I’m still in a funk…all of one hour later. But I spied in my drafts folder a post I’ve been working on for several weeks and then I just read amalah’s post and I decided, what the heck, finish it and maybe you’ll feel better. Besides, this is way more fun than folding laundry.

You used to sit for a timeout, silently watching me from your corner, all big eyes and open mouth. ‘You are in a timeout for hitting mommy,’ I would say. Or maybe it was, ‘you are in a timeout for climbing on the fireplace and I told you no 10,000 times already.’

After about a week or so, you realised you can just stand up and walk away from the corner I put you in. Now you think it’s funny to go in timeout because as soon as I walk away from you, you take off running down the hallway, laughing and shrieking.

You are so full of personality. I’m not quite sure what to do about the timeout. So far, I just keep putting you back. You have yet to sit for one full minute since you discovered you can run.

You sign please but only on your terms. Sometimes you happily sign it for a cup of juice or a cracker, but other times you can’t be bothered. You are too busy. You sign more, but sometimes that means all done. ‘Ahh doon,’ you cry and manically sign more. We might need to work on that.

In the last few weeks, you’ve finally developed a bit of separation anxiety. You follow me from room to room, always wanting to do what I’m doing. If I’m combing my hair, you want to comb your hair. If I’m using the potty, you want to investigate and woe is the person who tries to stop you.

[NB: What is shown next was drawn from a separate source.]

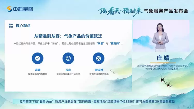 中国气象局原高级气象分析师、气象行业资深专家庄婧则从专业维度解读,分享了她与看天的故事以及对行业的思考。她认为,一款优秀的气象产品,不应止步于“准确”,而应让每位使用者在生活里感到“从容”与“被支持”,气象服务的未来要深耕场景化。看天App将专业数据“翻译”为行动,其中气象星球、健康预报、90天超长预报等诸多功能,帮助用户跨越从“知道”到“做到”的鸿沟。她希望“看天”能继续深耕,给更多人、更多行业,带来确定的从容和支持。

You love legos. You love books. You love to hit anything and everything and we are working daily on being more gentle with the dog. You love to smother him in loves as well as hit him with a t-ball bat, preferably simultaneously. I think what you love the most is to play outside. Yesterday we went to Starbucks and for a few minutes, the sun was out and I let you run around in the grassy yard while I drank my coffee. I haven’t seen you that happy in a long time. You ran and jumped and pointed and babbled. You waved bye-bye to everyone that walked by and picked up clumps of dirty snow and threw them as far as you could. You cried big alligator tears when it was finally time to go.

You say mama and dada, and dog but with no g on the end. You say up, but only if you want to. You seem to understand so much. You go and get your shoes when I ask and try to put them on. You climb up on the couch and then stand up. ‘Wow,’ you say proudly.

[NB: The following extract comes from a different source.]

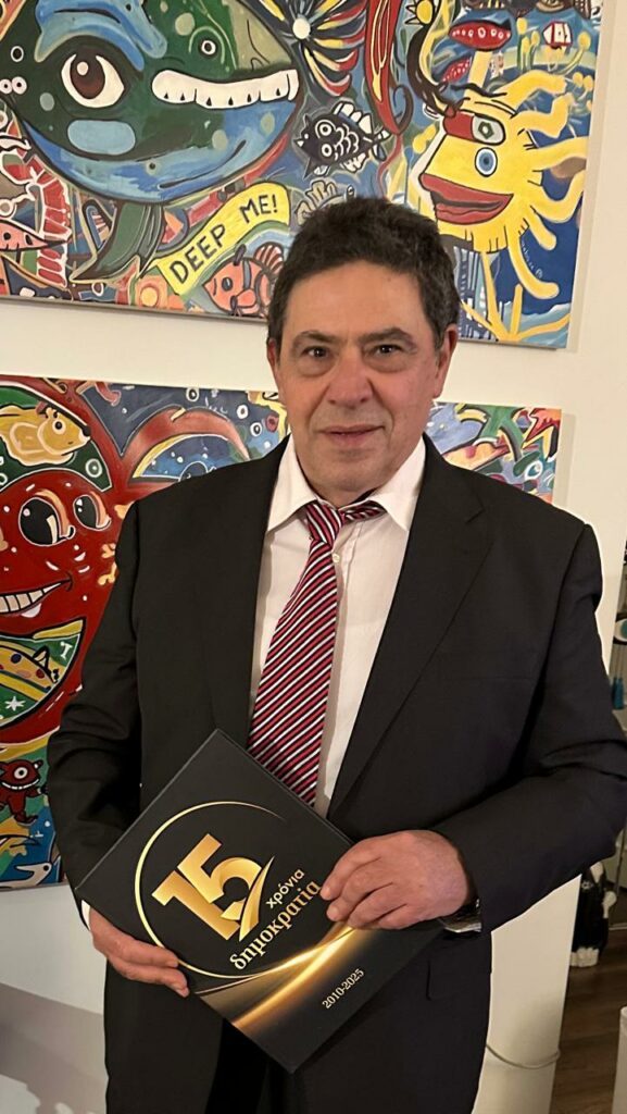 o Μάκης Σεριάτος με το επετειακό τεύχος της Δημοκρατίας 'ανα χείρας"

You look me straight in the eyes and push your lunch on the floor. ‘Uh-oh,’ you say sadly.

You almost never slow down, always looking for something to run after, climb on or jump off of. You still like to be carried though and when you need a little snuggle, you push me away from whatever I’m doing and command ‘UP!’

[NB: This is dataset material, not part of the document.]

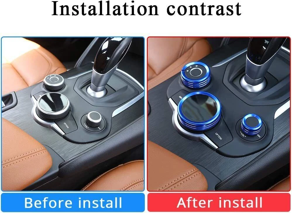 For Alfa Romeo Giulia Stelvio Blue Center Console Multimedia Knob Cover 2017-19 Fit For Alfa Romeo Giulia Stelvio 2017-2019 Please make sure this product is fit for your car,thank you ! Material: Aluminum Alloy . Colour: Same As Pictures . This product has double sided paste , The paste effect depends on paste conditions and the correct way of installation. Please see the installation manual. Payment Delivery details Terms of sales About us Contact us Payment We accept Paypal only. We only ship to your Paypal's address, please ensure your shipping address on your paypal account is correct. If you have any change for address, please inform us in ebay note. Payment must be fulfilled within 7 days after purchase. All non-paying orders will receive an unpaid reminder from eBay. Delivery details We will ship the goods as soon as we receive your payment.(usually within 5 business day). All items will be shipped to buyers E-bay address. If your E-bay address doesn't match the desired delivery address, please contact us immediately. The estimated delivery time is 8-16 business days for the US. However, for certain European and South American countries, it may take up to 6-8 weeks due to thorough customs inspections. We offer worldwide shipping. If you plan to purchase multiple products at once, please contact us. Terms of sales Items can be returned within a 30-day period. Please make sure that the item is unused, in its original packaging, and in the same condition as when you received it. To initiate a return, please get in touch with our customer service team and provide them with the necessary details, including the order number, reason for return, and any supporting documentation (such as photos or videos, if applicable), before initiating a return request. The cost of return shipping will be the responsibility of the customer, unless the return is a result of a defect or an error on our part. For a secure return, we recommend using a reliable shipping method with tracking. Refunds will be processed through the original payment method. Please allow one business day for the refund to be reflected in your account. If the item you received is damaged or faulty, please notify us immediately. We may require additional information or evidence to facilitate the return or exchange process. About us Feedback is important to all of us participating in the eBay community. We have been working hard and strive for 100% customer satisfaction. We will leave a positive feedback immediately after payment is received. We appreciate a positive feedback as much as you do. If for some reason there is any issue with the purchase,please contact us prior to leaving feedback. We will be glad to work together and provide a satisfying solution. Contact us If you are not satisfied with our products or services, please contact us before leaving negative feedback. Good communication helps buyers and sellers to solve any problems. We are promising to try our best to provide the best service and 100% satisfaction for valuable buyer like you.

If I sneak over to the computer to check emails or blogs, you track me down within seconds, hoisting a well-loved copy of 10 Little Ladybugs or Barnyard Dance at me. I think I could read those books with my eyes closed, but they bring you such happiness that I always flip them open one more time. Ten little ladybugs sitting on a vine, along came a butterfly — then there were…

You love being chased, and your sweet meaty little thighs are the most ticklish part of your body. You have not one, but two faint dimples and your eyes are officially no longer blue. They are somewhere between gray and hazel.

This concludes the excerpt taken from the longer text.